# Audio startup



## Bob Hinden (Jul 30, 2017)

My M3 does something I find a little annoying. I usually mute the audio using the left steering wheel button/scroll wheel when I am leaving the car. The next time I get back in the car, the audio starts up on it's own. Even worse, while sometimes starts on the same station or stream I last used, other times it picks a different source on it's own.

Am I the only one who has this issue?

Thanks.


----------



## skygraff (Jun 2, 2017)

No, you are not the only one.

As much as I don’t like it and wish it wasn’t the case, the failure to stay muted isn’t unusual in modern cars (Tesla can outshine them by fixing this). Changing sources, however, has me completely flummoxed. I’m especially concerned that it sometimes switches from a radio station to a streaming channel which, in the future, may not be free.


----------



## Rich M (Jul 28, 2017)

Yup, I can park the car with FM selected, and muted. The next time I get in it will be on streaming and playing. But most of the time it stays the way I had it.


----------



## Spiffywerks (Jul 30, 2017)

Several versions ago, I had an issue where I was on a phone call when I got out of the car.
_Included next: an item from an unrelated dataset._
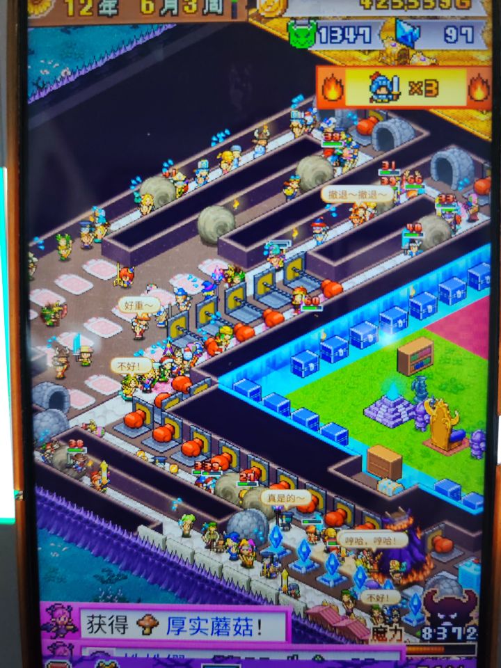 一款不需要动脑子但是挺累的打怪类开罗游戏,累在要不断继承重开档,因为每结算一次会多给一个开罗雕像+多继承一个新魔物。这是第二款能让我重开档的开罗游戏,第一款是初代赛车物语,当时是为了爆金光改造零件。因为我不玩陷阱流,所以布局最重要的就是多分房间、多造岔路。每个关键节点房间放一只大佬,虽然冒险者会乱走导致没法靠一只拦下所有,但每一个跟它对上眼的孩子都活不过一集,这就很好。虽然后期冒险者人数巨多,但

When I got back in the car next time, the music turned on, but it was at max volume and nearly gave me a heart attack.

But that only happened once.


----------



## tivoboy (Mar 24, 2017)

The odd audio thing that I find is that when I leave the car, it's streaming CNN, but when I return about 50% of the time it has switched to some other radio streaming, NOT CNN..


----------



## pjfw8 (Apr 28, 2016)

How do you turn the audio system off? Mute is no solution.


----------



## Rich M (Jul 28, 2017)

pjfw8 said:


> How do you turn the audio system off? Mute is no solution.
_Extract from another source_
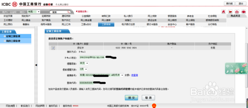 输入邮件地址,提醒语言,提前提醒天数,缴费账号,代码,点击提交

THERE IS NO OFF, ONLY ZUUL MUTE


----------



## PNWmisty (Aug 19, 2017)

Rich M said:


> Yup, I can park the car with FM selected, and muted. The next time I get in it will be on streaming and playing. But most of the time it stays the way I had it.
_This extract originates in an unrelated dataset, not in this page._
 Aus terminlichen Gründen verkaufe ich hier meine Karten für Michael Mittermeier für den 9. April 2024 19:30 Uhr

I haven't played with FM too much (because the streaming music is just too compelling). But when listening to streaming music, I generally mute it when exiting the car (by depressing the left steering wheel multi-control) and when I get back in it's still muted. Then, if I un-mute it, it plays the same song I last listened to, right where I left off.


----------



## Frank99 (Aug 3, 2017)

I generally just reduce the volume with the left thumbwheel. Haven't had a problem with the volume changing....


----------



## PQ3 (May 23, 2017)

In the streaming case, is it really "mute" or "pause"? 



PNWmisty said:


> I haven't played with FM too much (because the streaming music is just too compelling). But when listening to streaming music, I generally mute it when exiting the car (by depressing the left steering wheel multi-control) and when I get back in it's still muted. Then, if I un-mute it, it plays the same song I last listened to, right where I left off.


----------